• _MATERIAL PROVIDED_
= Beginning of Section =

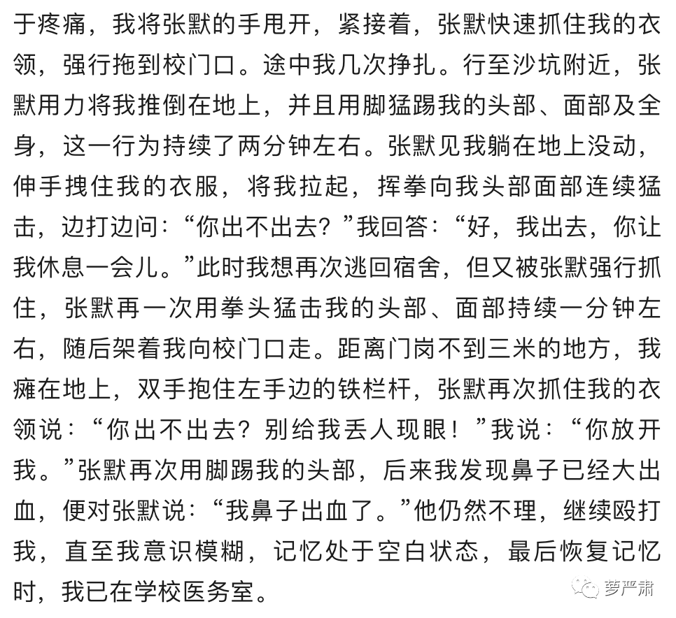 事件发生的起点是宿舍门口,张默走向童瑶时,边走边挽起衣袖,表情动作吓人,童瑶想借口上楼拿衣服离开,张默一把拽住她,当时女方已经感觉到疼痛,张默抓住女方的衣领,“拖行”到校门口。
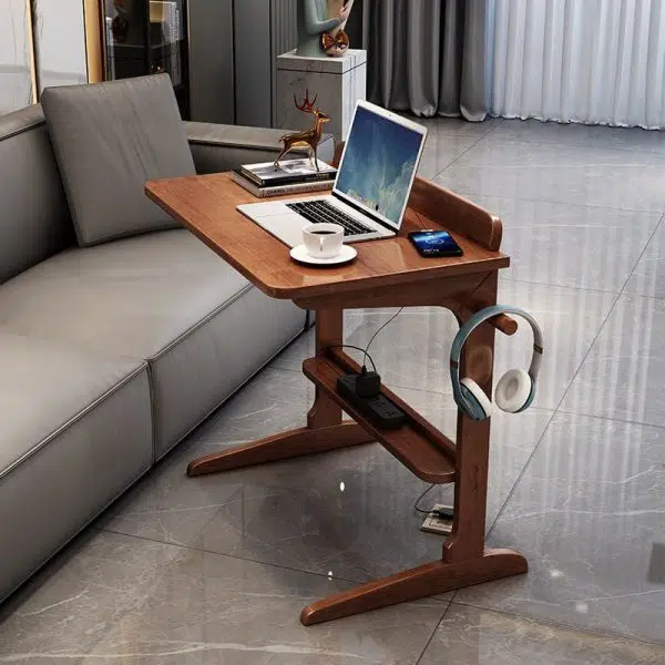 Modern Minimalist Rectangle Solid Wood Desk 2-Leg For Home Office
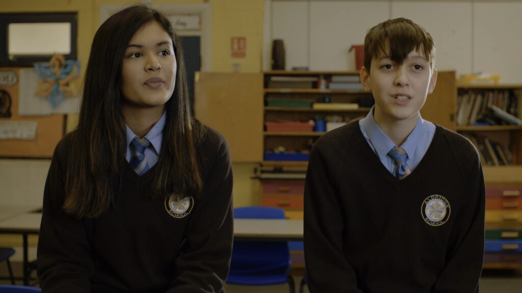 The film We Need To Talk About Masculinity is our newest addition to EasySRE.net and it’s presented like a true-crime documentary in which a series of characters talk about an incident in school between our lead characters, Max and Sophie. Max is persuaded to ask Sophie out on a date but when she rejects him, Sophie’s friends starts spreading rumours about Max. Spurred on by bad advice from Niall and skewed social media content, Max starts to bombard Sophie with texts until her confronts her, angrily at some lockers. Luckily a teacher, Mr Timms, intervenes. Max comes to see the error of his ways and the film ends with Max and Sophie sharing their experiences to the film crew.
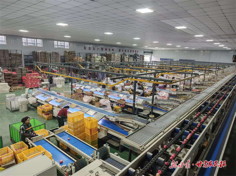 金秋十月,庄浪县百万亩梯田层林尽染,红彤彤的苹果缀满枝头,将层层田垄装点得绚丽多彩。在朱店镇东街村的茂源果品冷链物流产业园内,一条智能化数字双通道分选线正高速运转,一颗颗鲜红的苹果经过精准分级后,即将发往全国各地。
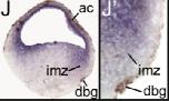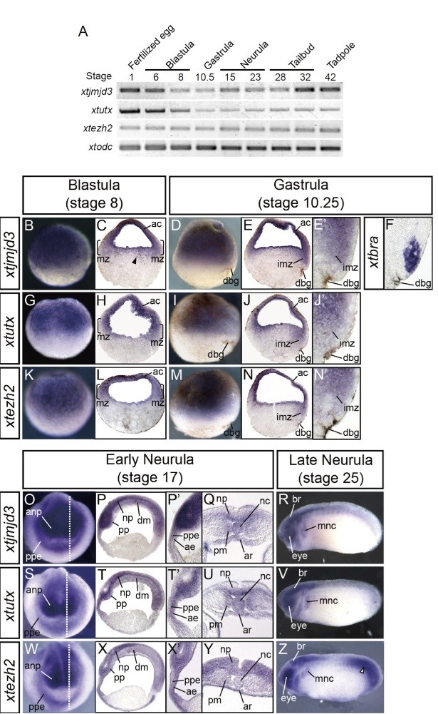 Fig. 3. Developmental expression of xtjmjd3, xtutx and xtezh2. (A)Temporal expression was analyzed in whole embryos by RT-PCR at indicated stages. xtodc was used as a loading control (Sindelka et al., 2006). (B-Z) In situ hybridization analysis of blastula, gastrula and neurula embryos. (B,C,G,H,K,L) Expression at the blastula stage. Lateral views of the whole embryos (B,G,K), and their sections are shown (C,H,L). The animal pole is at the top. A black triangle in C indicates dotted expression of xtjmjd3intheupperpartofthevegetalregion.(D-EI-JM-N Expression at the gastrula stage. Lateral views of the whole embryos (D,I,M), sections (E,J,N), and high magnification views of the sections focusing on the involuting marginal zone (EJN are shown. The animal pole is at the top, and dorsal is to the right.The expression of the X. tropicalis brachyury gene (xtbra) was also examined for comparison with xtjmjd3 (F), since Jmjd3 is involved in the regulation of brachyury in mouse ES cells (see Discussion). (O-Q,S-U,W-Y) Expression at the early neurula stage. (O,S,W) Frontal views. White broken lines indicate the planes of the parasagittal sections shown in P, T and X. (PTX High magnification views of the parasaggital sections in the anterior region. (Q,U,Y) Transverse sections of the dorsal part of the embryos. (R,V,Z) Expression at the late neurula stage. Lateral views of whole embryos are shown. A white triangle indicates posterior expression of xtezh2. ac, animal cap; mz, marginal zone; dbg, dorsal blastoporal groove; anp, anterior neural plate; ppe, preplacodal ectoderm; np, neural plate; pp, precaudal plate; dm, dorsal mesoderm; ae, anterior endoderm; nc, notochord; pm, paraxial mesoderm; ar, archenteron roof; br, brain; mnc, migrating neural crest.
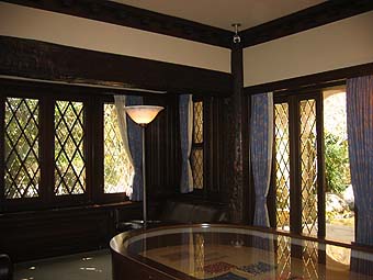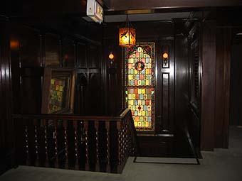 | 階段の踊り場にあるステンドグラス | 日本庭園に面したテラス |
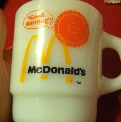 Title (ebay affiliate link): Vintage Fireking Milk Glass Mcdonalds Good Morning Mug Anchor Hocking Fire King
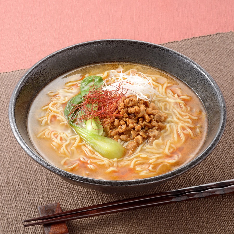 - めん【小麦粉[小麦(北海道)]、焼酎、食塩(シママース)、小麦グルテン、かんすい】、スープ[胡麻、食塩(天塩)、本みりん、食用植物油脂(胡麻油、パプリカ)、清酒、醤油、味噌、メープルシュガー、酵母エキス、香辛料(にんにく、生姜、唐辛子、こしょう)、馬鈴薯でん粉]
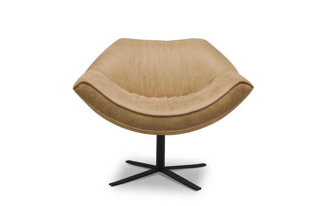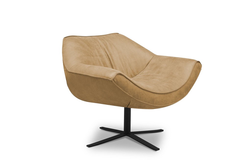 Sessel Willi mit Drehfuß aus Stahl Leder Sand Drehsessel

= End of Section =
= Beginning of Section =

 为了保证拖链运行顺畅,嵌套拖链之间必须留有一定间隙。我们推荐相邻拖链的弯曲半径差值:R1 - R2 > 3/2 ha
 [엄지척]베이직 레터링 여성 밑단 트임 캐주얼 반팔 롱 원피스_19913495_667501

= End of Section =

• _EXERCISE INSTRUCTIONS_
Of the lines above, retype only those from the line containing "为了保证拖链运行顺畅,嵌套拖链之间必须留有一定间隙。我们推荐相邻拖链的弯曲半径差值:R1 - R2" through the line containing "[엄지척]베이직 레터링 여성", including both, exactly.

• _COMPLETED TASK_
 为了保证拖链运行顺畅,嵌套拖链之间必须留有一定间隙。我们推荐相邻拖链的弯曲半径差值:R1 - R2 > 3/2 ha
 [엄지척]베이직 레터링 여성 밑단 트임 캐주얼 반팔 롱 원피스_19913495_667501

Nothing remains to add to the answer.